Olympics • Ex-Jazzman leads home country to win over Great Britain.
This is an archived article that was published on sltrib.com in 2012, and information in the article may be outdated. It is provided only for personal research purposes and may not be reprinted.
London • Let one thing be clear: Andrei Kirilenko does not like rumors.
So don't bother asking if, after a year away from the NBA, he gave any thought to re-signing with the Utah Jazz before signing a reported two-year, $20 million deal with Minnesota last week.
"I'm not commenting on other teams," he said. "I don't [want] people to start speculating."
But here's fresh buzz that can be backed up with evidence: The former Jazz forward is playing like the old Kirilenko, not the aging Kirilenko Utah fans last saw in 2011.
"I feel great," said Kirilenko, 31, who on Thursday signed a two-year contract with Minnesota. "Look at me, I'm running like a young deer."
Can a deer shoot 3-pointers? Heck, can Andrei Kirilenko?

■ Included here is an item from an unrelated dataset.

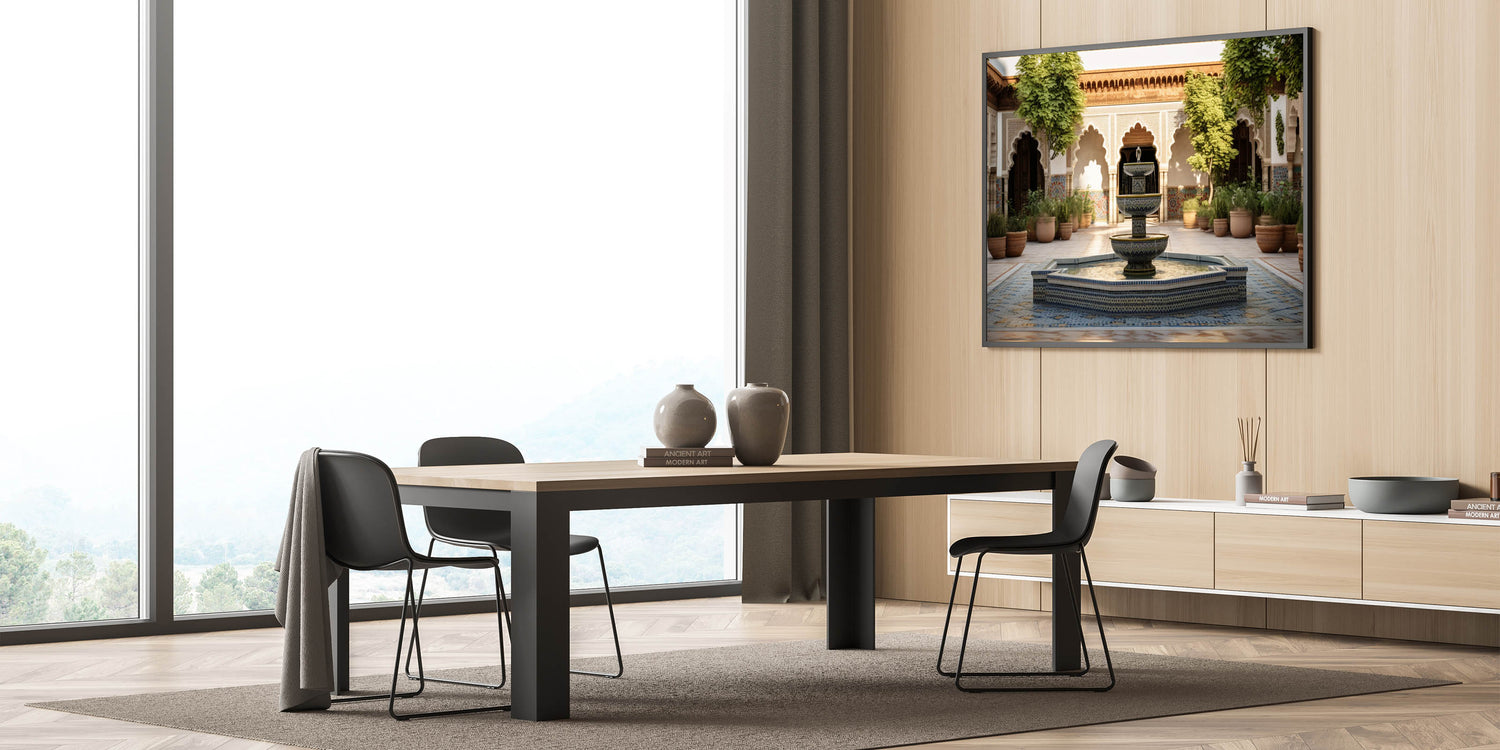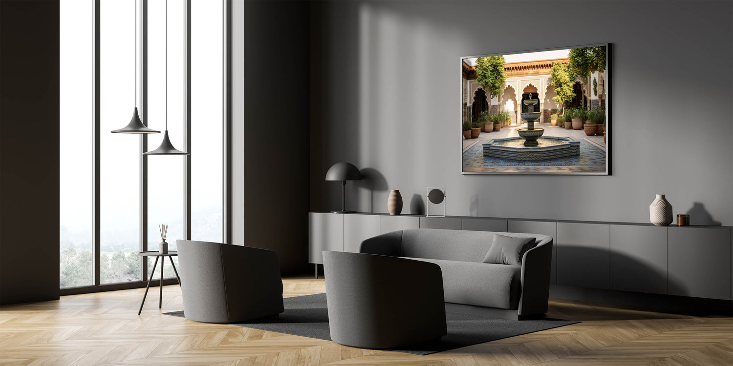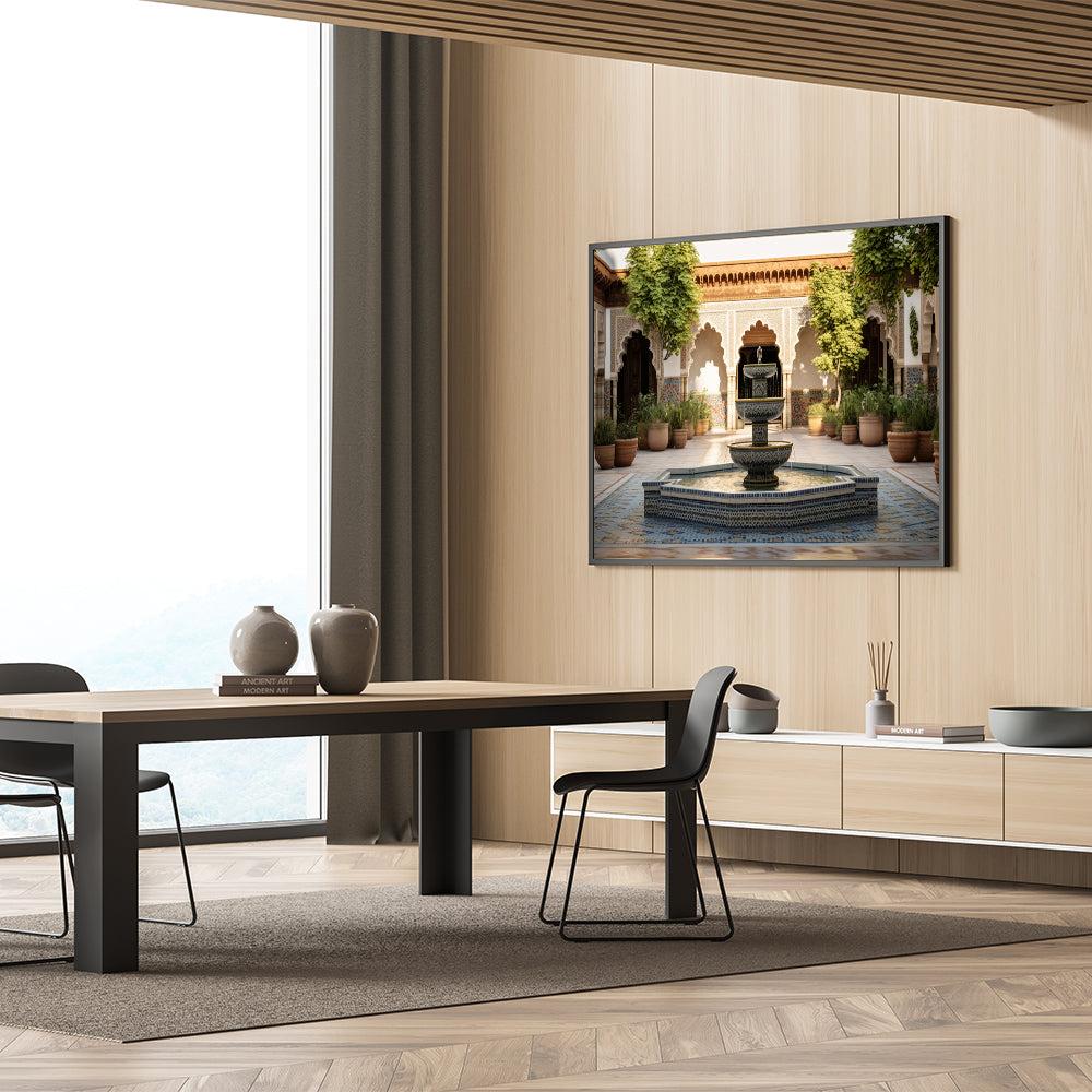 This piece is perfect for anyone looking to incorporate elements of Moorish architecture and design into their home. The combination of traditional patterns, warm colors, and serene water features makes this artwork a versatile addition to any decor style.

At least one. A 3-pointer was just part of the dizzying performance Kirilenko put on Sunday night in Russia's opening-round game of the London Olympics. He scored 35 points on 14-of-17 shooting to lead his country to a 95-75 victory over Great Britain.
Kirilenko was spinning, converting three-point plays, dunking off the dribble and via alley-oops. He was knocking down jumpers. And he played defense: steals, blocks, including one on a 3-pointer.
What Andrei giveth, Andrei taketh away.
Of course, one must be careful with excitement. This was a game that made NBA washout Pops Mensah-Bonsu look like a star (22 points, nine rebounds for Britain).
Still, Kirilenko, wearing No. 15 and playing alongside future T-Wolves teammate Alexey Shved, seemed far from the injury-plagued seasons that doomed his time in Utah. The one-time All-Star did not play in more than 67 games any one of his last three seasons in Utah. His productivity dipped, and he became less of a playmaker. After 10 seasons, he returned to Russia and played for CSKA Moscow.
Then, Minnesota general manager David Kahn and coach Rick Adelman called.
"I wanted to get back to playing in the NBA," Kirilenko said, "because last season in CSKA I feel comfortable, I feel great at home, but I feel like I should play at the highest level possible."
Enter the Timberwolves, who in the lockout-shortened season finished 26-40 and 24 games out of first place in the Western Conference.
Kirilenko said he likes the European feel of the Timberwolves, with Spanish point guard Ricky Rubio, and that he admired Adelman's Sacramento Kings in the early 2000s.
Beyond what Minnesota provides, however, Kirilenko said it was most important that he return to the NBA.
"I'm not going back to NBA I'd probably be feeling sorry for myself after four or five years," he said. "I got a call, and it's a very, very interesting offer."
• Former Jazz forward Andrei Kirilenko scored 35 points to lead Russia past Great Britain, 95-75.
• Kirilenko signed a contract with Minnesota last week reported to be worth $20 million over two years.
• Russia next plays China on Tuesday in pool play of Group B.